第18回『このミス』大賞1次通過作品 テトリス・ペレストロイカ
亡命者の娘を守れ!
冷戦末期、米ソ情報機関が入り乱れる謀略戦の結末は……?
『テトリス・ペレストロイカ』天田洋介
テトリスというゲームは、ほとんどの方がご存知だろう。このソ連生まれのゲームが日本にも上陸し、ブームを巻き起こしていた1990年ごろを背景とした物語である。
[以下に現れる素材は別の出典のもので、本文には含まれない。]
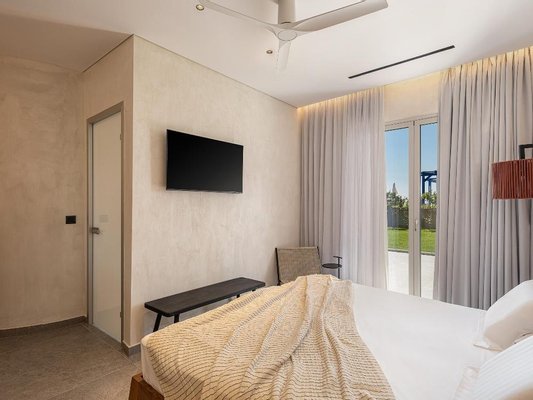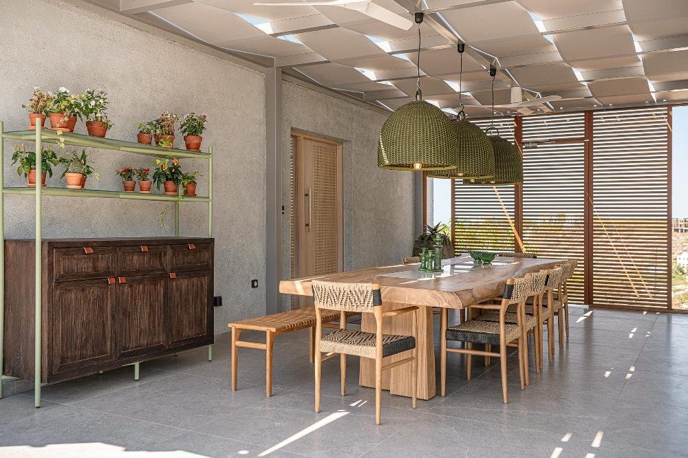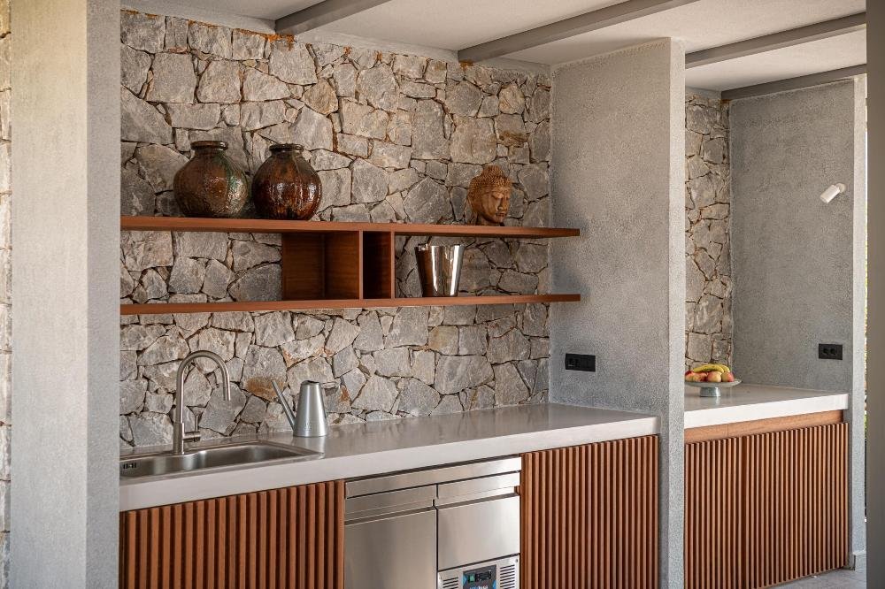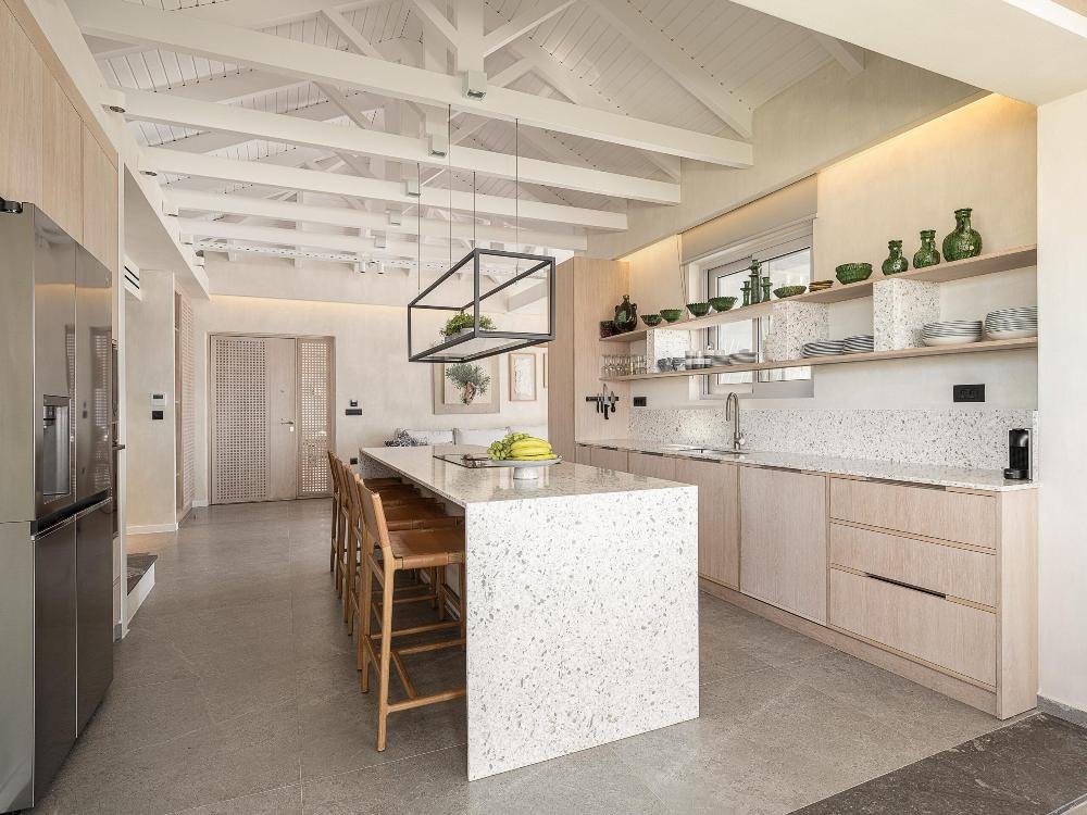 Im Inneren bietet die Villa geräumige, sonnendurchflutete Schlafzimmer mit eigenem Bad, einen gemütlichen Wohnbereich mit Eisenofen und ein Spielzimmer, ideal für Familienspaß oder die Unterhaltung von Gästen. Die moderne Küche ist komplett mit hochwertigen Geräten, Klimaanlage und Smart-Home-Technologie ausgestattet und sorgt für ein entspanntes Wohnen.

荒川亮が率いる双六通商は、駄菓子屋の経営から中古品の輸出入まで手がける零細企業。だが、その正体はアメリカの国家安全保障局(NSA)の末端組織だった。ある日、中古品を載せたアメリカから届けられたコンテナの奥に、白人の少女が一人きりで潜んでいた。彼女の名前はラウラ。父のボリスラーフは、もともとはソ連からの亡命者で、その後CIAに所属し、亮とも顔見知りであった。そして、彼女が携えていたノートには、奇妙な図形が描かれていた……。
と、ここまではほんの序盤。ラウラの身柄と秘密の図形をめぐる争奪戦は、やがて海を越えて、歴史的な事件の背後へとつながっていく。
商売人でもあるスパイと、頭の回転が速い少女が、謀略の渦巻く中で巧妙に立ち回る。冷戦が終結に向かい、ソ連が解体へと向かう時代。作中の対立構造も、アメリカのCIAとソ連のKGBが対峙するという単純なものではない。アメリカ側もソ連側も決して一枚岩ではなく、さまざまな思惑や主義主張を抱えた者たちの複合体なのだ。
入り組んだ状況を描きつつ、物語そのものは、亮とラウラの冒険を中心に据えたシンプルなものに仕上がっている。
現代の視点から描いた、およそ30年前の物語。ラストの着地に、その後の世界の変化が重なり合う。